Photodynamic therapy with hematoporphyrin modified, doxorubicin-loaded nanoparticles

Photodynamic therapy (PDT) in combination with chemotherapy has great potential for cancer treatment. Hematoporphyrin (HP) is a ligand for low density lipoprotein (LDL) receptors on the hepatoma cells and also a well-known photosensitizer for PDT. To increase the targeting ability of photosensitizers for the tumor site, HP modified doxorubicin (DOX) loaded nanoparticles (HP-NPs) was developed as a targeting carrier to increase the therapeutic effect of PDT in treating HCC. In both in vitro and in vivo studies, HP-NPs were more efficient than free HP under the same laser irradiation (630 nm, 400 mW/cm2) conditions. The in vitro phototoxicity in HepG2 cells was characterized by MTT assay, Annexin-V fluorescein isothiocyanate (FITC) staining and fluorescence activated cell sorting (FACS) analysis showed significantly increased response of HP-NPs (2 µM as HP) as compared with free HP (2 µM as HP) based PDT. In vivo anticancer ability in HepG2 tumor bearing mice was markedly improved by HP-NPs-based PDT (HP 2 mg/kg in PBS). Therefore, the HP-NPs (average particle sizes 350 ± 15 nm) represent a potentially effective co-delivery system of photosensitizer and anticancer drug which improved the effects of PDT in HCC [Citation33].

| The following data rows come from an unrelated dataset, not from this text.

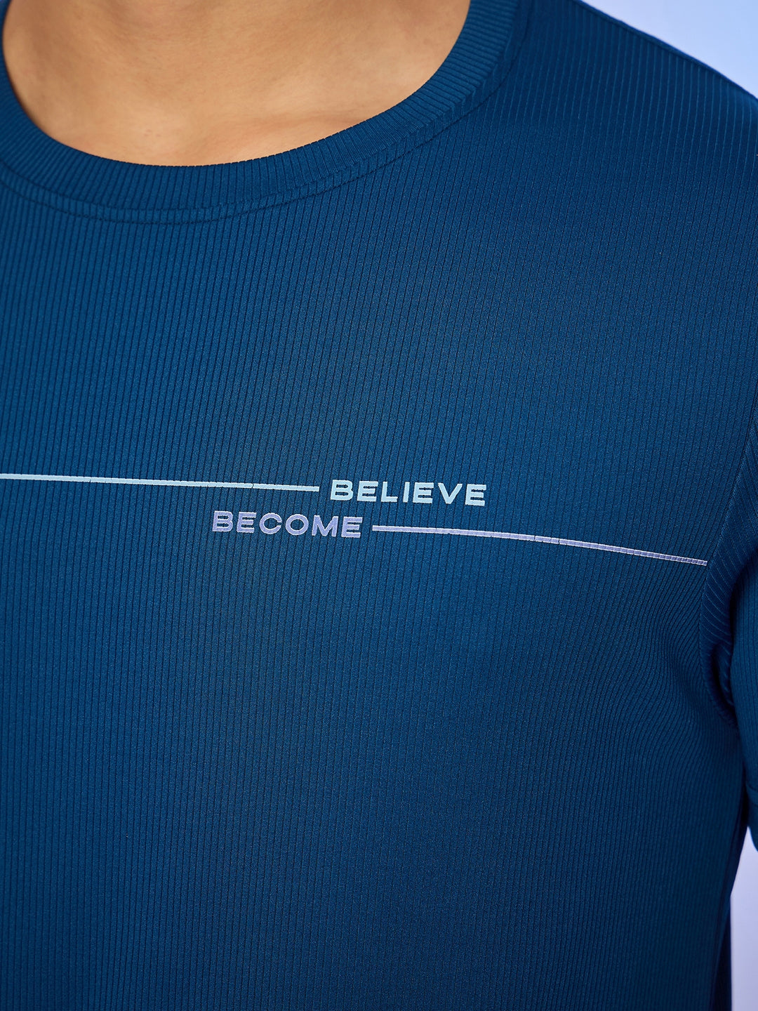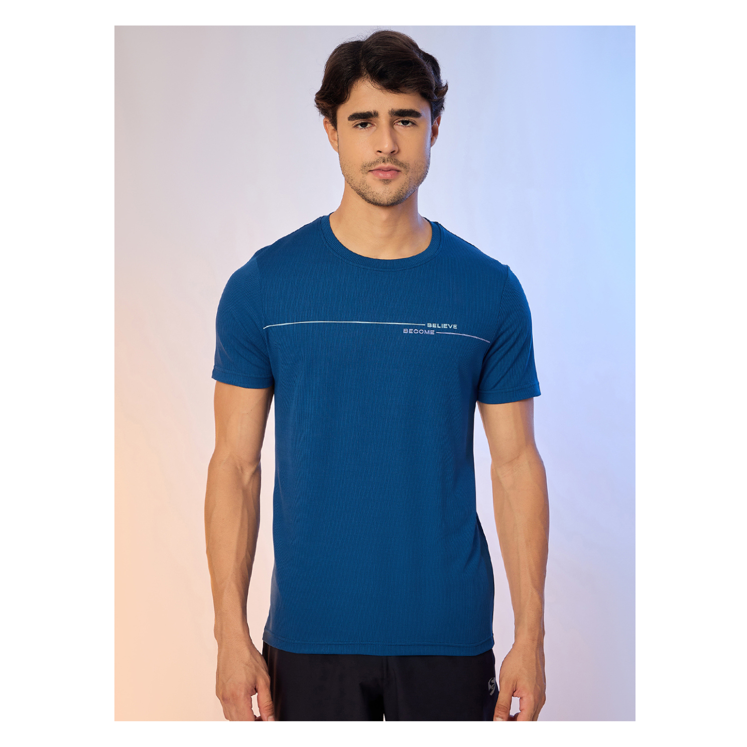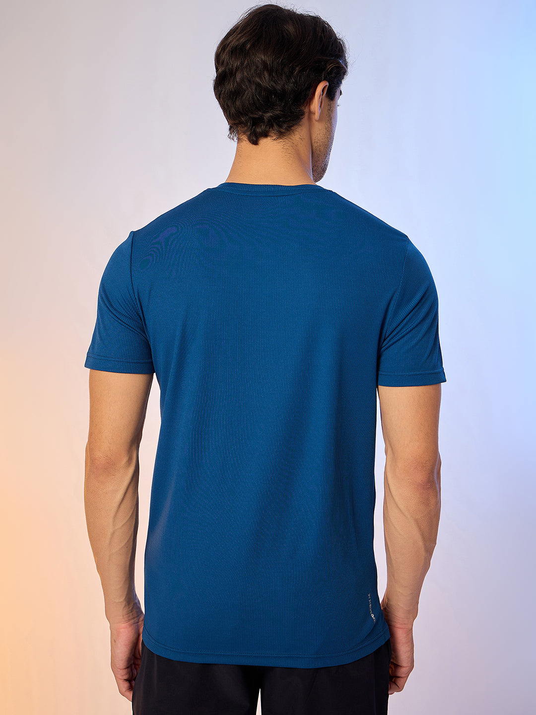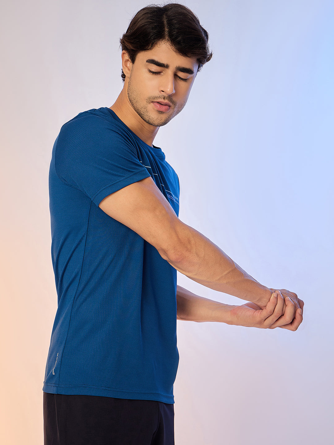 Step into comfort and functionality with this Navy T-shirt. Designed using premium Vertical Knit, it highlights minimal print in front, regular fit for a refined touch.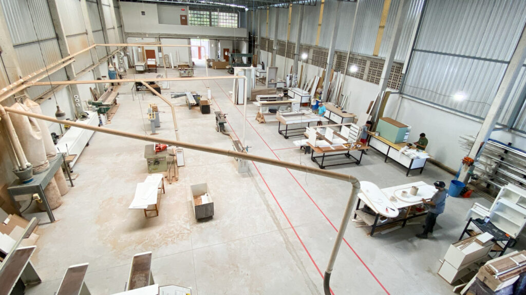 A Moreira Marcenaria ocupa um galpão de no bairro Jardim Europa, em Guarapari, e emprega 12 pessoas, entre marceneiros, ajudantes, auxiliar administrativo e projetista.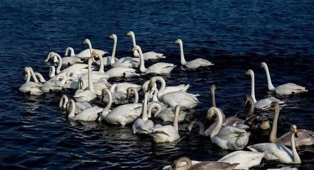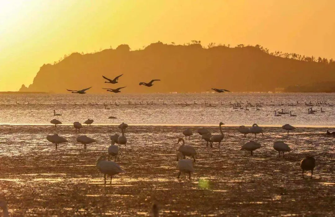 大天鵝對(duì)生存環(huán)境選擇比較苛刻,只有良好的水質(zhì)、豐富的食物以及安全的環(huán)境才能贏得她們的青睞。得益于榮成優(yōu)越的自然生態(tài)和良好的環(huán)境保護(hù),每年11月份,成千上萬(wàn)只大天鵝、野鴨、大雁等鳥(niǎo)類不遠(yuǎn)萬(wàn)里,從西伯利亞、內(nèi)蒙古等地呼朋喚友,成群結(jié)隊(duì)悄然降落,來(lái)榮成棲息越冬。他們?nèi)宄扇海瑫r(shí)而水中漫步、覓食嬉戲,時(shí)而結(jié)伴齊飛、翩翩起舞,為秋冬榮成的增添了一抹靚麗的風(fēng)景。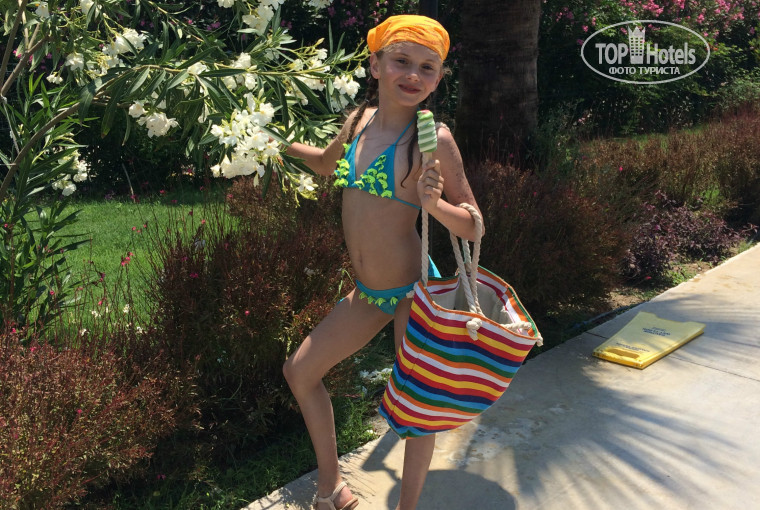 Отдыхали семьей с ребенком 9 лет. В отель приехали около 9 утра, заселили в 10-30, хороший прием, чувствуется организованность персонала, не надо никуда ходить-подходят сами, все объясняют. Перед заселением успели позавтракать, осмотреть близлежащую территорию. Территория не большая, но хорошо спланированная, имеется "закольцованный" бассейн, т.е. можно плавать по кругу, если точнее по квадрату, сжигая калории и любуясь открывающимися пейзажами. Есть небольшой аквапарк, как мы его назвали "юниор",т.е. для детей школьного возраста, но в принципе, им можно пользоваться и взрослым. Адреналина, конечно, не получите, но настроение поднимите. Имеются и "лягушатнички" для мелкоты. Очень понравились официанты рассекающие на роликах, очень мобильно обслуживающие отдыхающих. В спиртном сильно не разбираюсь - комментировать не буду. Напитки почти все бутилированные, пакетированные, никакой бадяги.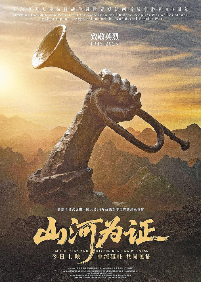 湖北日报讯 (记者孙凌、喻煜、通讯员童义淇)8月15日,在纪念中国人民抗日战争暨世界反法西斯战争胜利80周年的重要历史时刻,首部全景式展现中国人民14年抗战艰辛历程的纪录电影《山河为证》在全国上映。湖北省委宣传部、湖北长江电影集团参与制作与出品。

Doxorubicin-intercalated nano-hydroxyapatite drug-delivery system

DOX is commonly used for HCC treatment, but due to some serious side effect (cardiotoxicity and non-cancer cell cytotoxicity), it has very limited success in HCC treatment. A new nano-sized hydroxyapatite (HAp) (≃25–32 nm) based drug-delivery system was synthesized with a Ca/P molar ratio of 1.67 for reduction of DOX side effect. These nano-HAP particles were intercalated with DOX. The average drug-loaded nanoparticles had a size range of ≃3.9–8.7 nm. The in vitro drug-elution kinetics was tested under different pH conditions to take for the actual pH conditions found in the body environment. The kinetics was observed to be ideal for intravenous therapy to treat HCC. In vivo experiments using animal models demonstrated promising results in terms of changes in relative liver weight and histopathology. Ultimately, “high-dose” HAp-DOX presented maximal suppression of hyperplastic nodules and a least number of preneoplastic lesions. Therefore, Doxorubicin-intercalated nano-hydroxyapatite drug-delivery system is safe, powerful and reliable treatment method for HCC [Citation34].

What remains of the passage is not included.